## Your instructions
When you repeat the material, keep each line exact and omit the pictures.

## Listed records
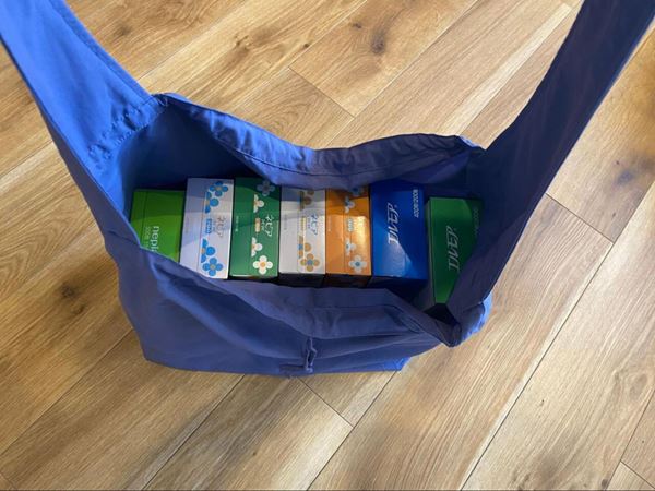 容量は薄型のボックスティッシュを縦に7つ入れてもまだ余裕がある程度。バッグの口にはヒモが付いていて、縛って閉じることができる仕様です。
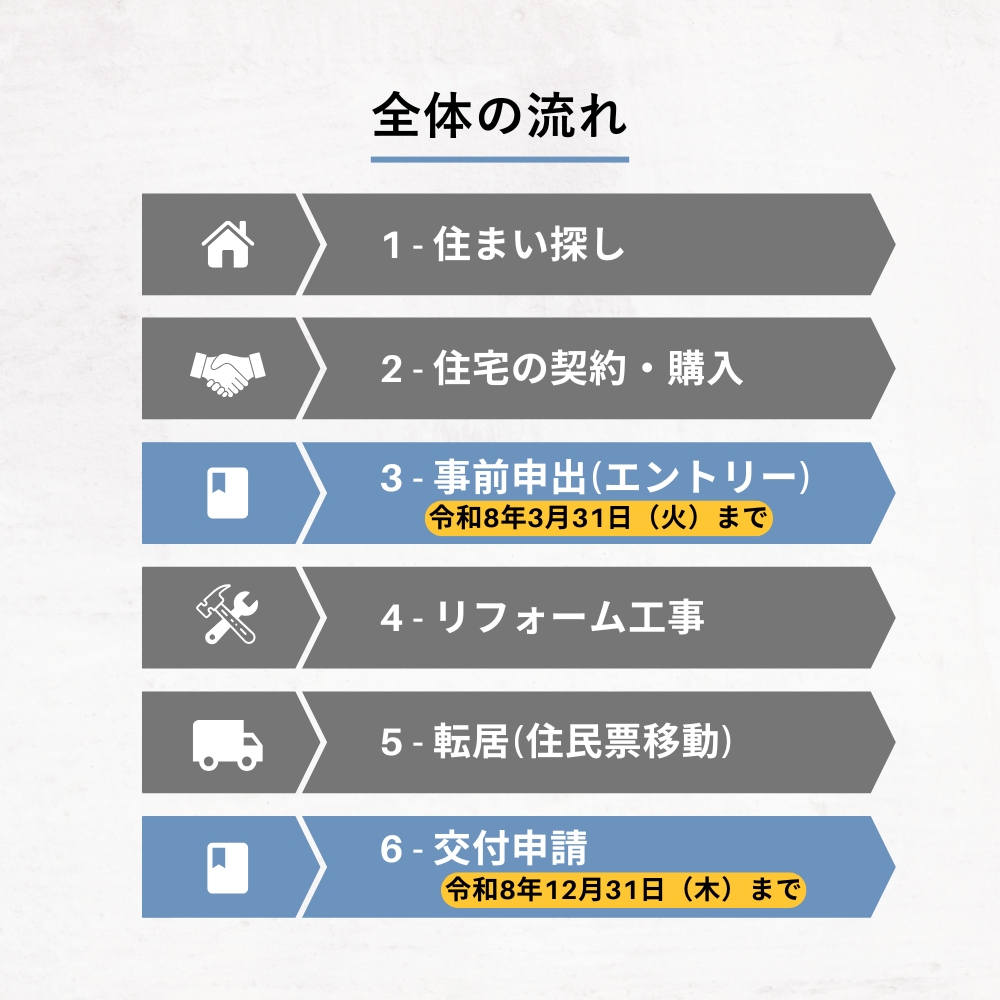 令和6年度(2024年度)に事前申出(エントリー)を済ませた方は、交付申請の締切が令和7年12月31日(水)までとなっています。お間違いのないようご注意ください。
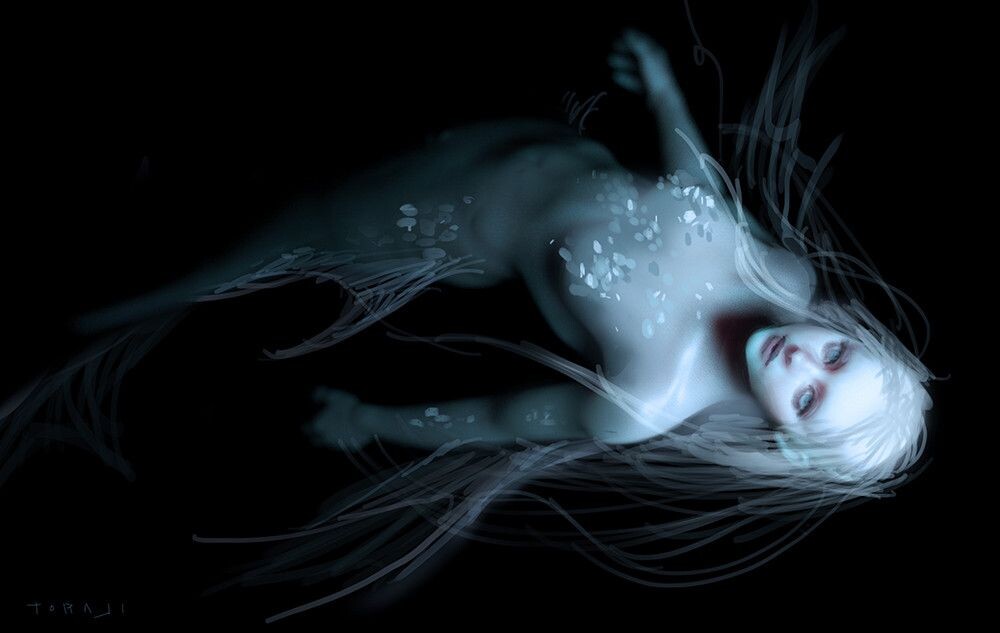 На дне озера лежит обнаженная девушка какой-то невозможной красоты - мраморная кожа, идеальная фигура с высокой грудью и тонкой талией. Длинные белокурые волосы слегка колышутся под водой.
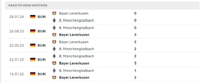 Phong độ gần đây Borussia Monchengladbach vs Bayer Leverkusen
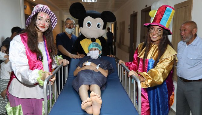 Balonlarla süslenen hastanenin girişinde palyaçolar tarafından karşılanan çocuklar işlemlerin ardından yine palyaçolar tarafından ameliyathaneye kadar götürülüyor.
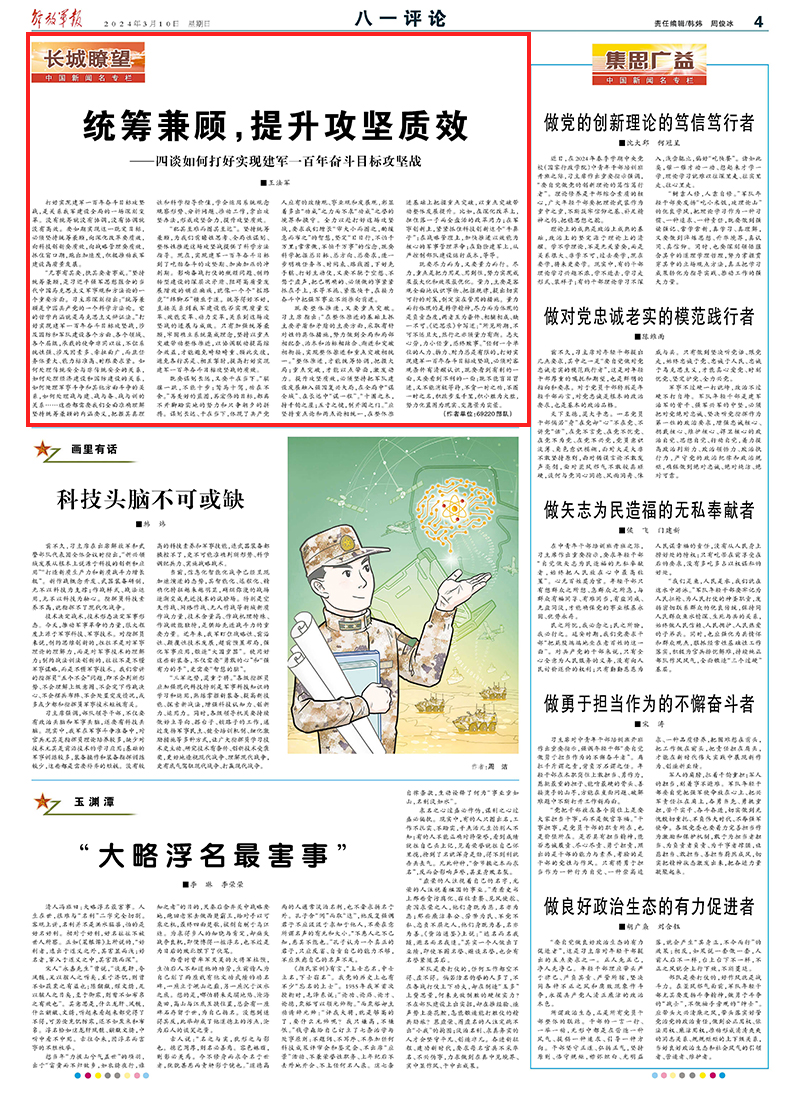 既要整体推进,又要重点突破。习主席指出:“在整体推进的基础上抓主要矛盾和矛盾的主要方面,采取有针对性的具体措施,努力做到全局和局部相配套、治本和治标相结合、渐进和突破相衔接,实现整体推进和重点突破相统一。”整体推进,才能统筹协调,把握大局;重点突破,才能以点带面,激发动力。提升攻坚质效,必须坚持把军队建设发展融入强国复兴大局,在全局中“谋全域”、在长远中“谋一程”。“十围之木,持千钧之屋;五寸之键,制开阖之门。”应坚持重点论和两点论相统一,在整体推进基础上把握重点突破,以重点突破带动整体发展提升。比如,在深化改革上,扭住落一子而全盘活的改革用力;在军事创新上,紧紧抓住科技创新这个“牛鼻子”;在战略管理上,加快推进以效能为核心的军事管理革命;在勤俭建军上,从严控制部队建设运行成本,等等。
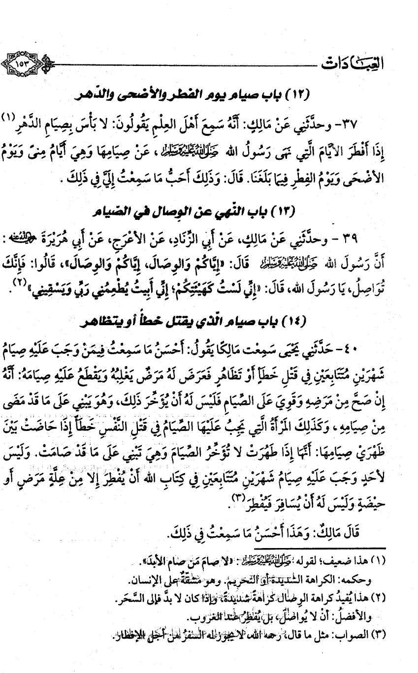 39 - وحدثني عن مالك، عن أبي الزناد، عن الأعرج، عن أبي هريرة - رضي الله عنه -: أن رسول الله - صلى الله عليه وسلم - قال: «إياكم والوصال، إياكم والوصال»، قالوا: فإنك تواصل، يا رسول الله، قال: «إني لست كهيئتكم؛ إني أبيت يطعمني ربي ويسقيني» (¬2).
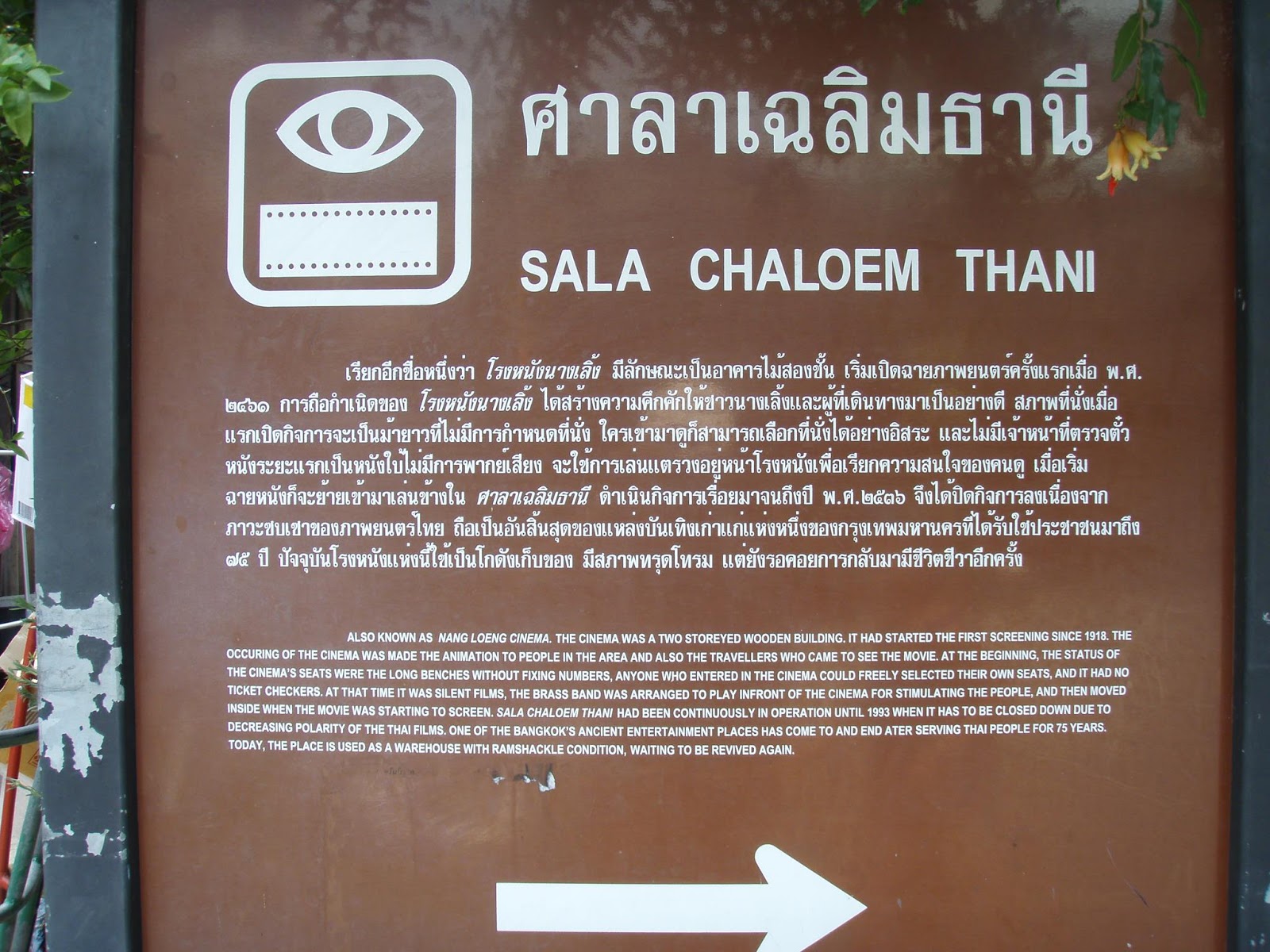 | さて、タイ最古の映画館だが1918年~1993年までの75年間営業していたらしい、本当に最古なのか近所の人達に尋ねてみた、そうだと言う人もいれば、もっと古いのもあったんじゃないのと言う人もいた、結局現存する映画館では一番古いと言う事になったようで、タイ最古の映画館なのかは私には不明、現在は倉庫のような使われ方をしているらしい。 | |
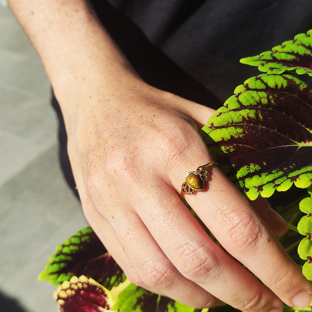 Es un anillo ajustable con ojo de tigre natural y diseño alado. Una pieza con carácter y significado, que combina fuerza, claridad y conexión con la tierra.
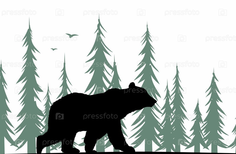 Силуэт медведя с зеленым хвойным лесом
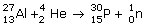Parmi ces nouveaux éléments, figure le phosphore radioactif formé dans l'aluminium, pour lequel Joliot donne la réaction de production: Dans le cas, par exemple, où l’aluminium irradié par les rayons alpha émet des neutrons, la règle précédente permet d’écrire la réaction de transmutation suivante :
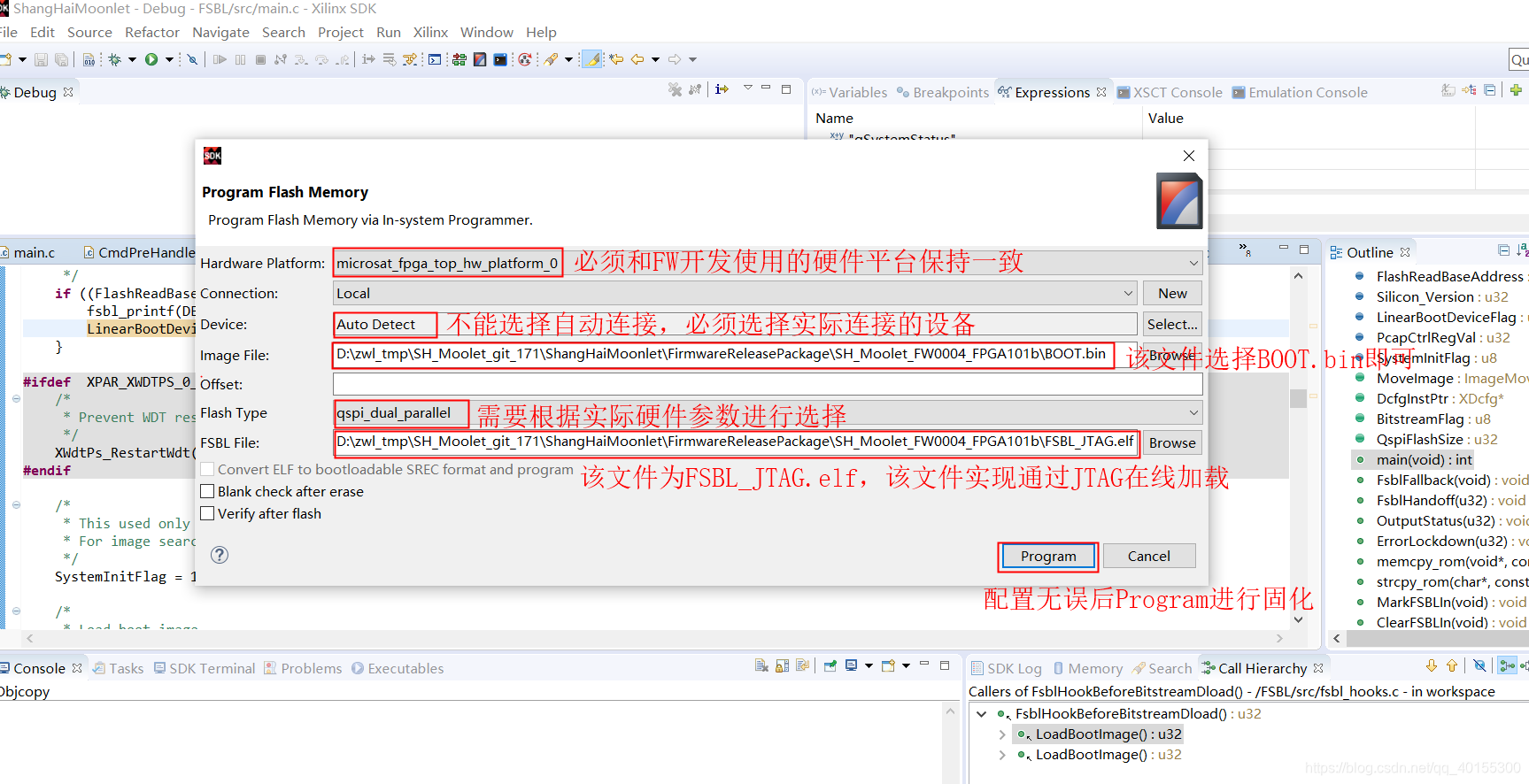 (2)生成BOOT.bin时使用的是FSBL.elf文件,固化过程中配置文件为FSBL_JTAG.elf文件
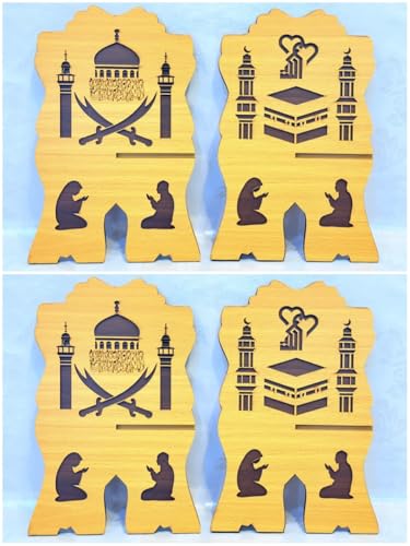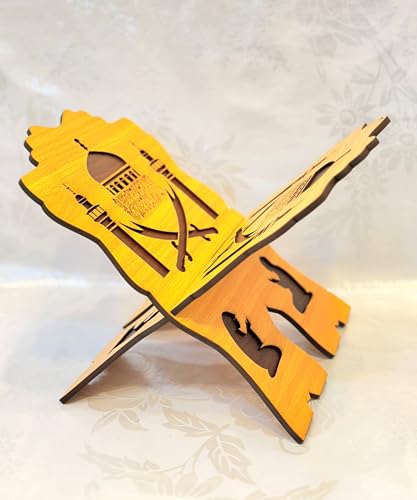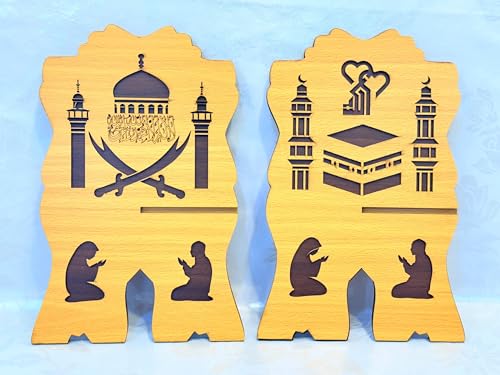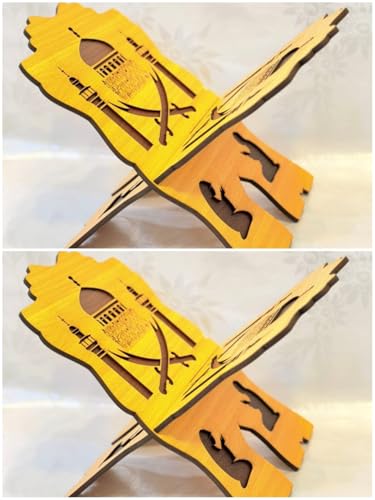 Generic - حامل مصحف خشبي مزخرف – حامل كتب ممتاز بطبقتين للمصحف، عملي وأنيق، إكسسوار إسلامي راقٍ (خشبي – قطعة واحدة)

## Written answer
 容量は薄型のボックスティッシュを縦に7つ入れてもまだ余裕がある程度。バッグの口にはヒモが付いていて、縛って閉じることができる仕様です。
 令和6年度(2024年度)に事前申出(エントリー)を済ませた方は、交付申請の締切が令和7年12月31日(水)までとなっています。お間違いのないようご注意ください。
 На дне озера лежит обнаженная девушка какой-то невозможной красоты - мраморная кожа, идеальная фигура с высокой грудью и тонкой талией. Длинные белокурые волосы слегка колышутся под водой.
 Phong độ gần đây Borussia Monchengladbach vs Bayer Leverkusen
 Balonlarla süslenen hastanenin girişinde palyaçolar tarafından karşılanan çocuklar işlemlerin ardından yine palyaçolar tarafından ameliyathaneye kadar götürülüyor.
 既要整体推进,又要重点突破。习主席指出:“在整体推进的基础上抓主要矛盾和矛盾的主要方面,采取有针对性的具体措施,努力做到全局和局部相配套、治本和治标相结合、渐进和突破相衔接,实现整体推进和重点突破相统一。”整体推进,才能统筹协调,把握大局;重点突破,才能以点带面,激发动力。提升攻坚质效,必须坚持把军队建设发展融入强国复兴大局,在全局中“谋全域”、在长远中“谋一程”。“十围之木,持千钧之屋;五寸之键,制开阖之门。”应坚持重点论和两点论相统一,在整体推进基础上把握重点突破,以重点突破带动整体发展提升。比如,在深化改革上,扭住落一子而全盘活的改革用力;在军事创新上,紧紧抓住科技创新这个“牛鼻子”;在战略管理上,加快推进以效能为核心的军事管理革命;在勤俭建军上,从严控制部队建设运行成本,等等。
 39 - وحدثني عن مالك، عن أبي الزناد، عن الأعرج، عن أبي هريرة - رضي الله عنه -: أن رسول الله - صلى الله عليه وسلم - قال: «إياكم والوصال، إياكم والوصال»، قالوا: فإنك تواصل، يا رسول الله، قال: «إني لست كهيئتكم؛ إني أبيت يطعمني ربي ويسقيني» (¬2).
 | さて、タイ最古の映画館だが1918年~1993年までの75年間営業していたらしい、本当に最古なのか近所の人達に尋ねてみた、そうだと言う人もいれば、もっと古いのもあったんじゃないのと言う人もいた、結局現存する映画館では一番古いと言う事になったようで、タイ最古の映画館なのかは私には不明、現在は倉庫のような使われ方をしているらしい。 | |
 Es un anillo ajustable con ojo de tigre natural y diseño alado. Una pieza con carácter y significado, que combina fuerza, claridad y conexión con la tierra.
 Силуэт медведя с зеленым хвойным лесом
Parmi ces nouveaux éléments, figure le phosphore radioactif formé dans l'aluminium, pour lequel Joliot donne la réaction de production: Dans le cas, par exemple, où l’aluminium irradié par les rayons alpha émet des neutrons, la règle précédente permet d’écrire la réaction de transmutation suivante :
 (2)生成BOOT.bin时使用的是FSBL.elf文件,固化过程中配置文件为FSBL_JTAG.elf文件
 Generic - حامل مصحف خشبي مزخرف – حامل كتب ممتاز بطبقتين للمصحف، عملي وأنيق، إكسسوار إسلامي راقٍ (خشبي – قطعة واحدة)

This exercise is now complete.